Author: Den Norge

Den Norge (3 of 8)



The Night Train
I took the night train to Oslo that night. At first, I was very happy. I got on the train and found a car with a lot of gorgeous Scandinavian men in it. Two of the men sat drinking out of a large bottle of liquor. They were were actually quite handsome and rather entertaining in their drunken giggles.

Another man who sat behind was absolutely gorgeous. He was the typical Scandinavian stud with shockingly blond, short and spiky hair, eyes the color of the Atlantic and an expensive black suit that accentuated his broad shoulders. He was the kind of guy you look at and think, “He has to be a jerk. No way could a guy be that good looking and be nice.” But when he smiled at me, I got all goosebumpy just the same.

I sat down and all three men began talking to me right away. I thought I was in heaven. Then, an older man came over and asked, “Do you have that seat?” It turned out that he had the seat reserved. So, I got up to move. The breathtakingly beautiful man behind me told me that the seat next to him was free and that I could sit there. My heart pounded and I felt my face grow flush like a teenybopper with a crush.

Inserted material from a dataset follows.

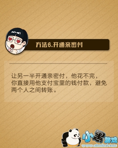 让另一半开通亲密付,他花不完,你直接用他支付宝里的钱付款,避免两个人之间转账。
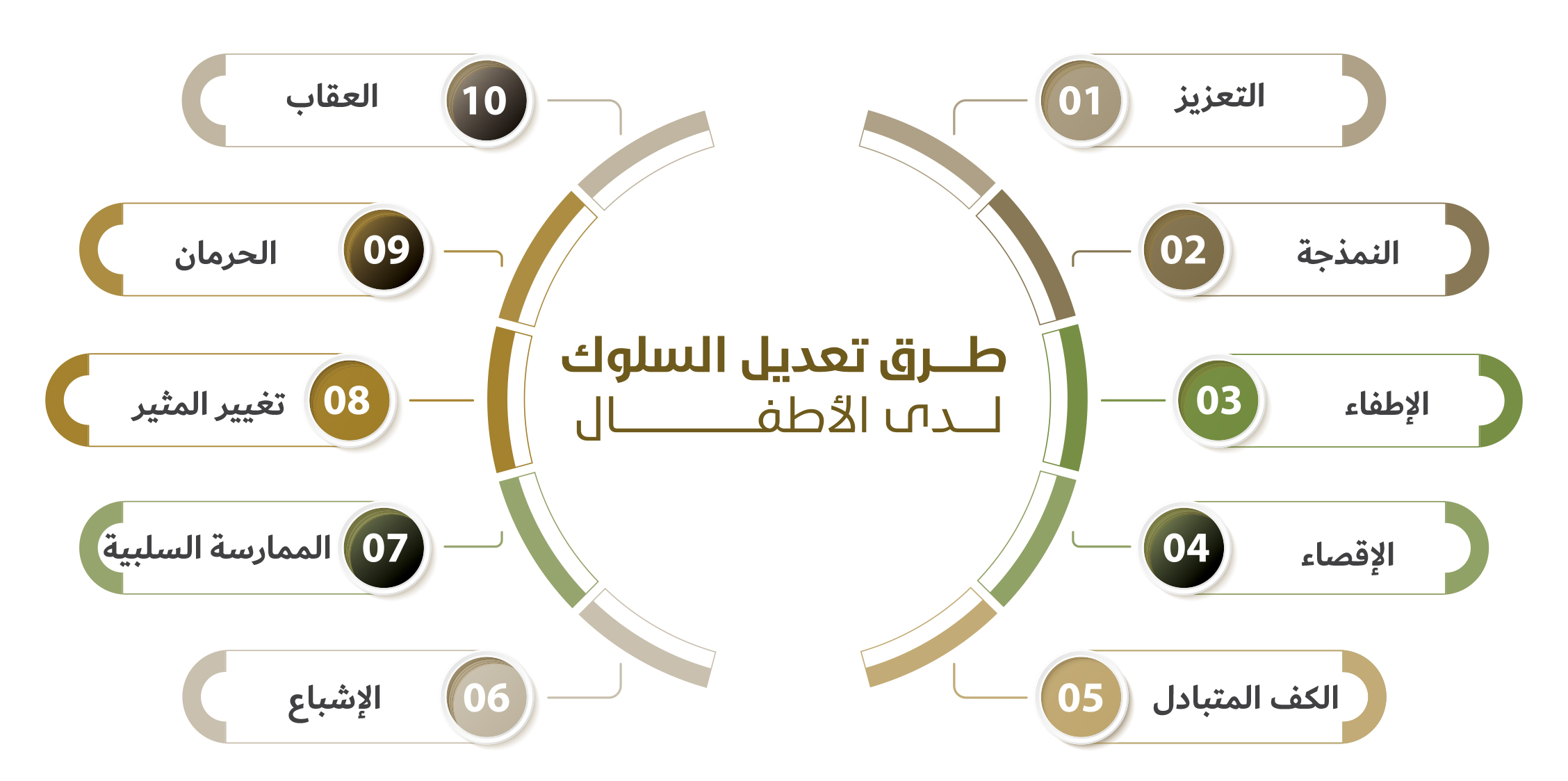 - الإطفاء: ويعني أن نتجاهل السلوك غير المرغوب فيه من الطفل؛ حتى يضعف ويتوقف نهائياً، فبعض الأطفال يعمل على لفت انتباه والدته بالبكاء الذي ليس له سبب، ولكن رغبةً من الطفل في حمله مثلاً، وعندما تتجاهل هذا السلوك من الطفل فإنه ينطفئ تدريجياً.

I was about to sit down when I sighed as reality set in and said, “Well, chances are, I must have a seat reserved somewhere. I just didn’t realize it.” So, he looked at my ticket and told me that my seat was about two cars back. He apologized and helped me gather my things. I hated him for being such a gentleman. I trudged two cars back and opened the door nearly falling over from the stench of urine. My seat was very uncomfortable and I hardly slept at all that night.

I arrived in Oslo, Norway tired, cranky, sore and dying to get some fresh air. I hoped to see the beautiful man. I thought that perhaps I would be lucky and to find him looking for me. However, he was nowhere in sight. I threw my heavy pack onto my shoulders wincing as the straps seemed to intensify every aching tired muscle in me.

I stepped onto the street hoping to find a coffee shop, but everything was completely silent. It was only 7am and everything was still closed. All I wanted to do was sleep but I couldn’t even check into my hostel until 3pm. I finally found an open coffee shop and ordered a cappuccino only to realize that I hadn’t exchanged my currency yet. It seems that when you’re really tired, nothing seems to work out quite right.

I dropped off my things at the hostel though and tried to keep myself busy throughout the day. I sat at the harbor at lunchtime and bought some freshly steamed shrimp right off the boat and threw the scraps to the seagulls. I scolded the old fat seagulls when they attacked the immature seagulls that needed the food. They apparently didn’t understand English though. Damn Viking seagulls. My body and mind began to relax. I was even blessed with the sight of a four-man racing shell gliding by in front of me, reminding me of my passion for rowing.

Polite Vikings…
I spent the evening in Oslo holed up in the hostel, reading the tales written by previous travelers and reading everything I could find about Norway. I had originally planned to travel all over Scandinavia. However, after looking at my plans a few more times, I set a goal for myself. Last summer, I had been nearly 12 miles south of the Arctic Circle when I was in Fairbanks. But, I hadn’t quite gotten that far north. This time, I decided that I had to get there. Why? I have no idea. It didn’t really accomplish anything. But, I think that it seems cool to know that I’ve been to the “Arctic”.

So, first I went to Trondheim for one night. I met another young man who poured his heart out to me and told me all his fears about life and so on. We played pool all night at a local pub after scarfing down some “cheap” beers at the hostel. Some very drunk Norwegian guys started hassling us while we played pool. The guy I was with didn’t really mind so much. It really started to get to me though. At some point, I said to them, “Guys, I am really annoyed. Yes, you have accomplished that. Good job. However, your words are completely wasted. Why bother saying anything bad about me if I can’t understand it. I don’t speak Norwegian you morons!”

All the while, I was very clear on the fact that my words were about as wasted as theirs. Their handsome long-haired Viking friend was sober and constantly apologizing for their behavior. He apologized again as I was leaving. I shook his hand and told him that it wasn’t his fault. “What a gentleman,” I thought. Just then, he grabbed my butt as I turned around. I just laughed at the irony. The moral: never trust a Viking.